= Deep Play (installation) =

2007 video installation by Harun Farocki

Deep Play is a 2007 twelve-screen video installation by German filmmaker and artist Harun Farocki. It uses footage and data from the 2006 FIFA World Cup final between France and Italy. The synchronized screens show the television broadcast alongside other views of the match, computer reconstructions and statistical analysis. It was first presented at documenta 12 in Kassel in 2007.

==Description==
The twelve channels each run for two hours and fifteen minutes and are shown in a loop. One source is the international television feed of the final. Others follow individual players and the coaches, show the area around Berlin's Olympic Stadium, or turn the game into diagrams and three-dimensional computer models. Statistical displays record information such as player movement, speed and possession.

The sound also comes from several sources. The television footage includes instructions from the broadcast director, while another part of the installation uses German police radio recorded during the match. Film scholar Hyeonseok Seo notes that most of the images were found footage, apart from material shot by Farocki and his team around the stadium.

Farocki said that he took the title from Clifford Geertz's writing on Balinese cockfighting, which he read while working on the installation. He considered using the German title of Geertz's book, Dichte Beschreibung ("thick description"), but felt that it would imply an interpretation of the material that he did not want to prescribe.

==Exhibitions==
Deep Play was first shown at documenta 12, where it occupied the entrance rotunda of the Fridericianum. A presentation at Greene Naftali in New York ran from January to February 2008.
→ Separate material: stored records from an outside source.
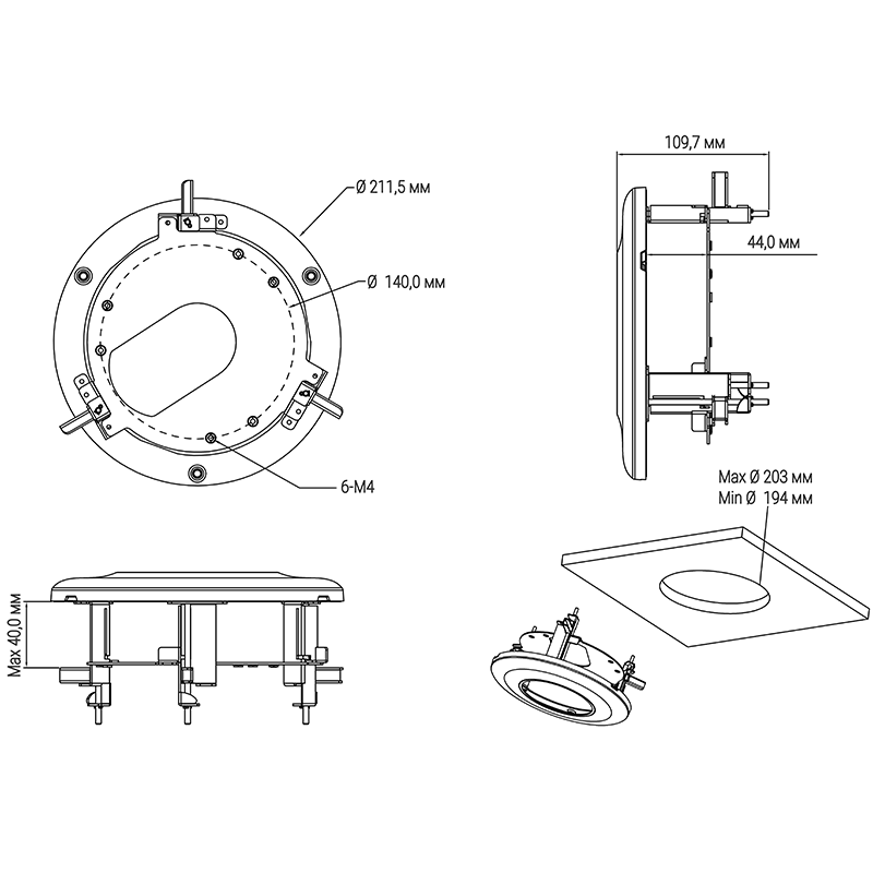 Кронштейн предназначен для потолочного крепления купольных видеокамер
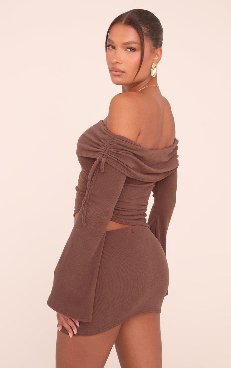 Fold Over Bardot Long Flared Sleeve Asymmetric Top In Chocolate Brown Brushed Rib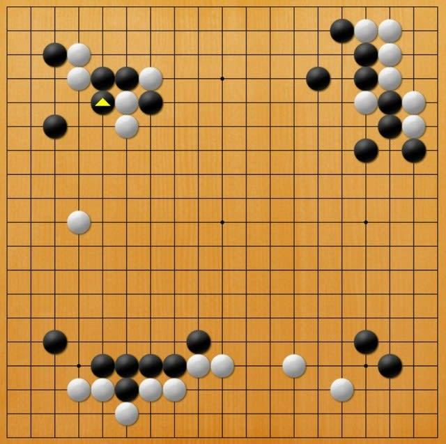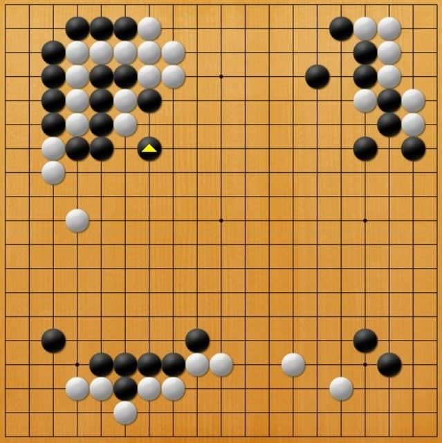 左上角下至黑△,白棋棋形不佳,两边都可能受到攻击,黑棋这个局部得分不少。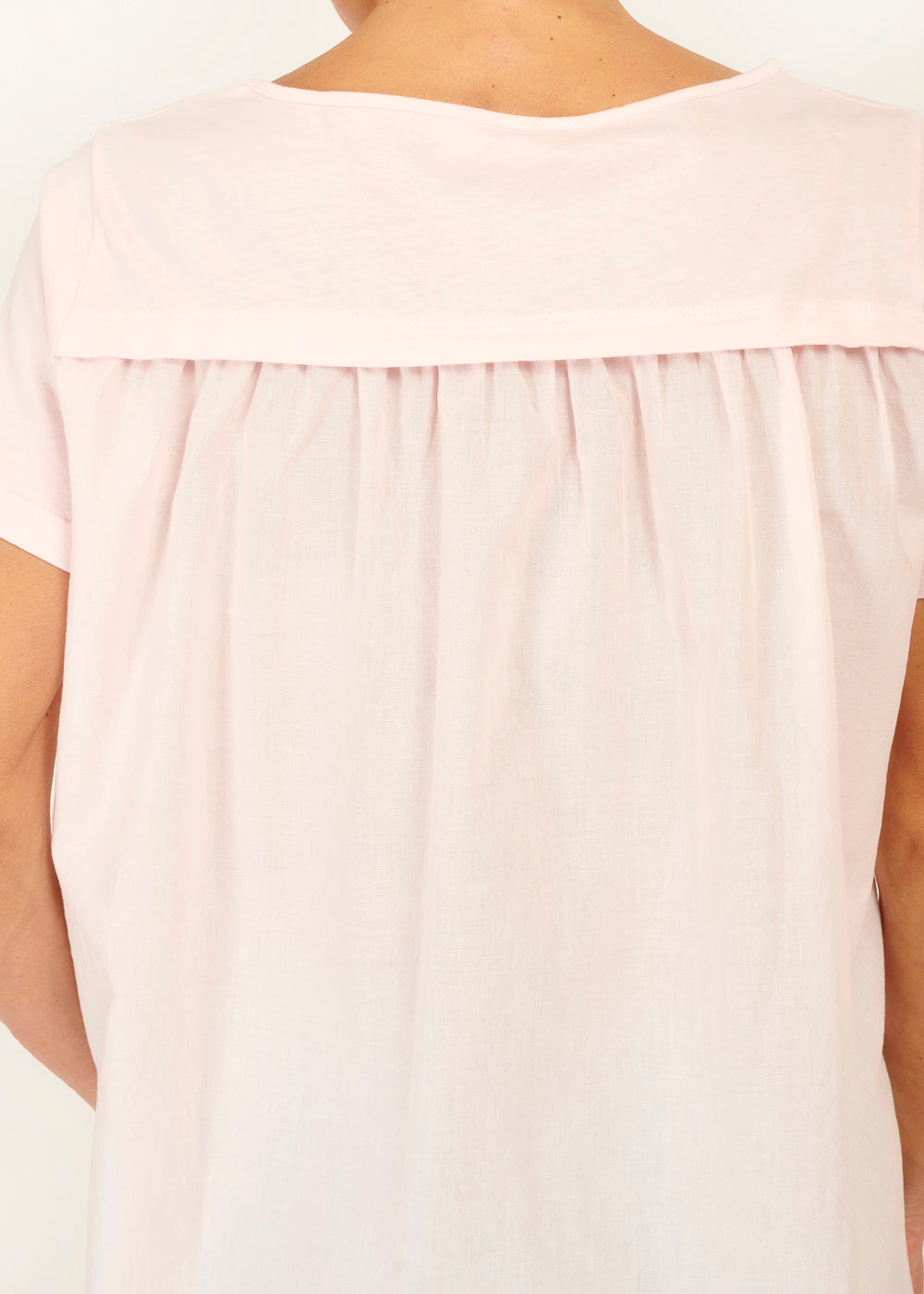 Ein Shirt, das deinen Look auf ein neues Level hebt: Unser Materialmix-Shirt in strahlendem Rosa mit rundem Halsausschnitt und raffinierten Details auf der Rückseite.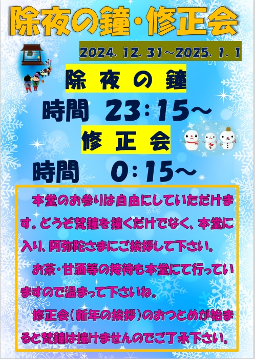 お知らせ 2024/12/05 除夜の鐘・修正会(令和6~7年)のご案内 今年も残すところ僅かとなりました。今年も除夜の鐘・修正会行いますのでご案内致します。 いつも見守って下さる阿弥陀様に今年も無事に過ごせたお礼を。そして無事に新年を迎えられる喜びを引き続き修正会で阿弥陀様にご報告、お礼申しましょう。 本堂では甘酒やお茶などご用意しております。どうぞ梵鐘を撞くだけでなく、本堂で仏さまにお礼して心も体も温まって下さいね。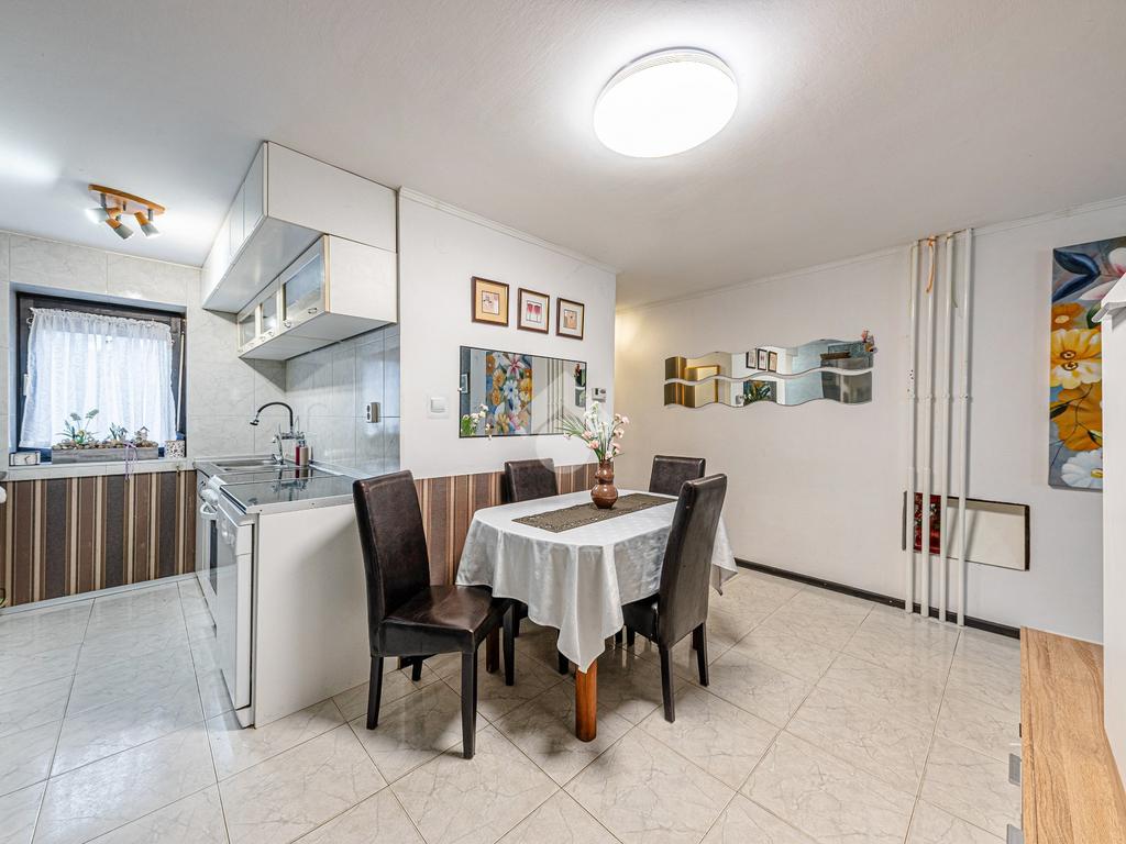 Eladásra kínálunk egy sorházi ingatlant, amely kiváló választás családok számára. Az ingatlan tulajdoni lap szerint 96 m², a valóságban azonban kb. 140–150 m² hasznos alapterülettel rendelkezik. A hozzá tartozó 200 m²-es gondozott kert kellemes kikapcsolódást biztosít.

The Northern Gallery for Contemporary Art in Sunderland showed the installation as part of AV Festival 08. The festival billed it as the work's UK premiere. It was also included in Re-enactments in Montreal and Machines & Souls: Digital Art and New Media at the Museo Nacional Centro de Arte Reina Sofía in Madrid.

A 2017 presentation at LiFE in Saint-Nazaire used a version of Deep Play from the collection of the Centre national des arts plastiques.

==Reception==
Reviewing documenta 12 for KUNSTFORUM International, Susanne Boecker focused on the difference between the familiar television broadcast and the material normally hidden behind it. She described the football match as a way of showing the contemporary production and presentation of moving images.

Alan Gilbert, reviewing the New York exhibition for The Village Voice, placed Deep Play within Farocki's interest in showing how media work. Gilbert noted that despite the amount of visual and statistical information in the installation, the technology could not explain Zinedine Zidane's headbutt during the final or the reactions that viewers brought to the match.

Sabine Niederer and Raymond Taudin Chabot discussed Deep Play as an example of a quantified event, in which the television image is shown alongside data measuring and reconstructing the same game. Seo concentrated on the systems behind the images, describing the installation in terms of the digital apparatus used to record, analyse, broadcast and reconfigure the event.